Pictures stay out of this copy, which runs from the first line of the material through the line containing "Neeraj with a".

### [Data section]
════════

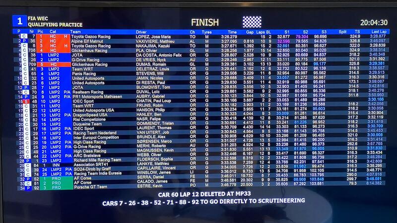 Ad un secondo e quattro dal compagno di squadra Kazuki Nakajima. Dietro al giapponese la Glickenhaus di Oliver Pla 4° davanti all'altra vettura della scuderia americana di Romain Dumas.
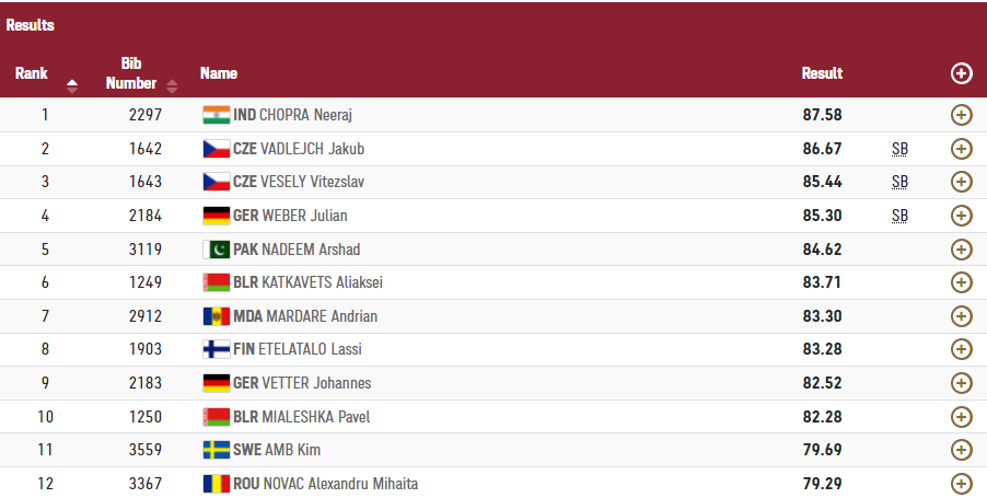 Neeraj with a very average throw, well below his best today but still leads. Czech Vesely is at second, and is improving. Nadeem with a 84.62 throw in third attempt, his best in final.
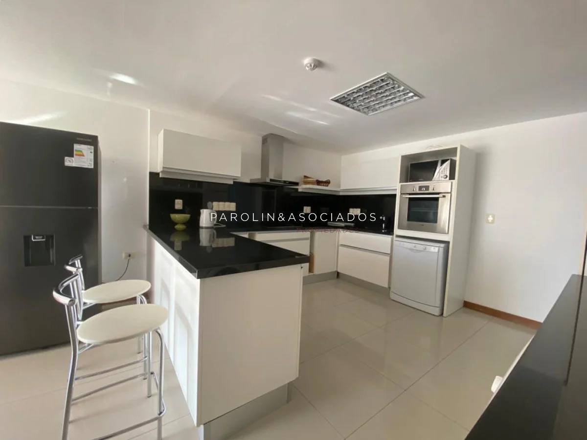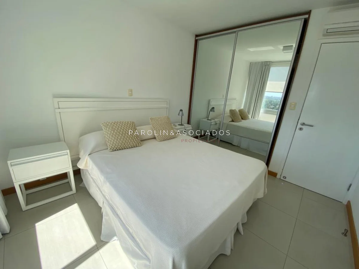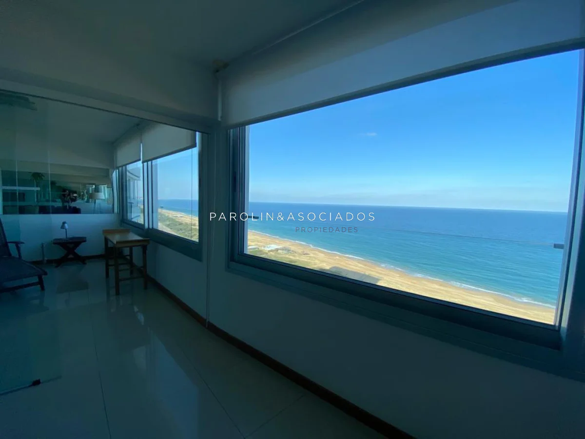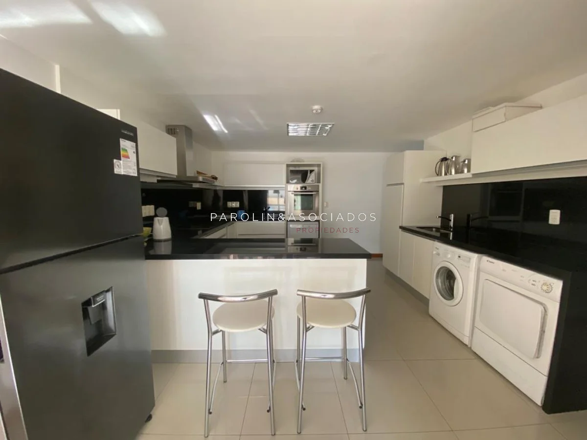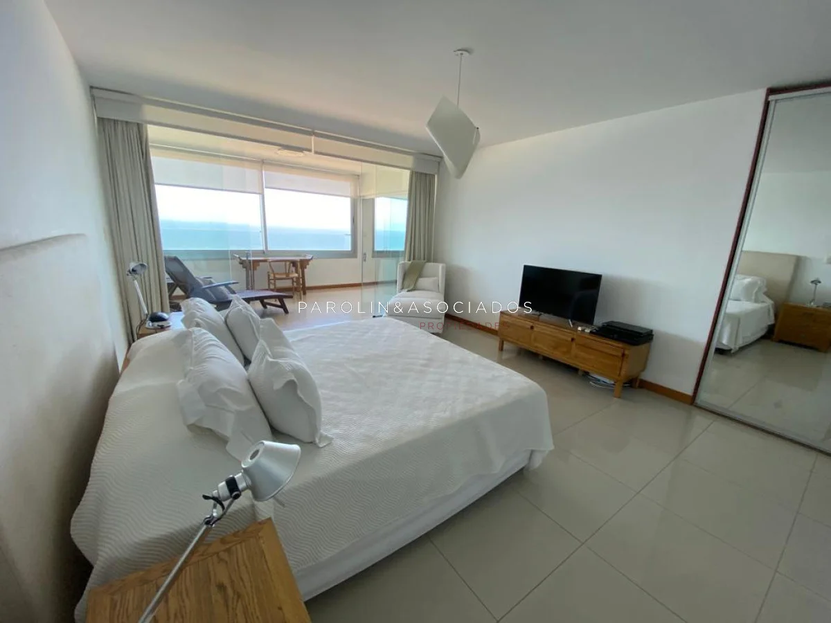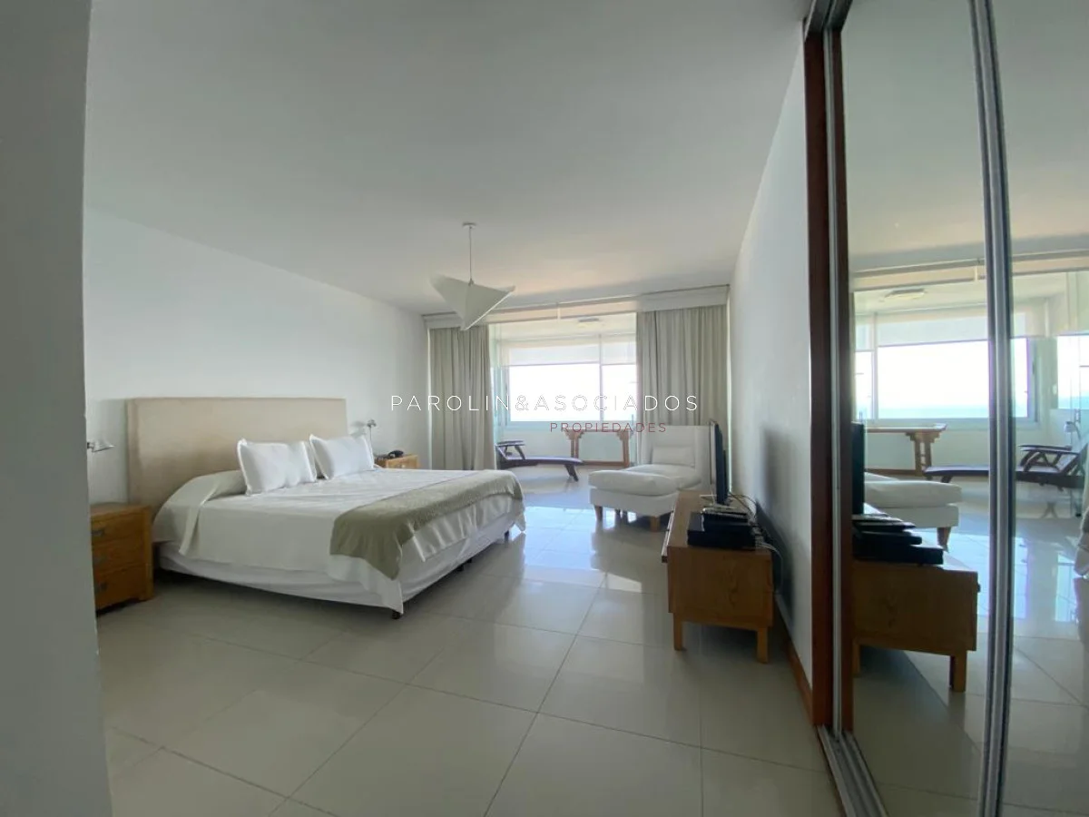 Amplio living comedor con balcón cerrado integrado, baño social con ducha, suite principal a frente con acceso a balcón, dos dormitorios los cuales miran al contra frente con una vista maravillosa al bosque y parte de playa mansa las cuales comparten un baño completo, amplia cocina comedor con terraza lavadero, dependencia de servicio con baño en suite integrada al apto con doble circulación lo que permite integrarla como un dormitorio mas y pasar a tener una planta de cuatros dormitorios, garaje y un completo equipamiento.

════════

### [Task answer]
 Ad un secondo e quattro dal compagno di squadra Kazuki Nakajima. Dietro al giapponese la Glickenhaus di Oliver Pla 4° davanti all'altra vettura della scuderia americana di Romain Dumas.
 Neeraj with a very average throw, well below his best today but still leads. Czech Vesely is at second, and is improving. Nadeem with a 84.62 throw in third attempt, his best in final.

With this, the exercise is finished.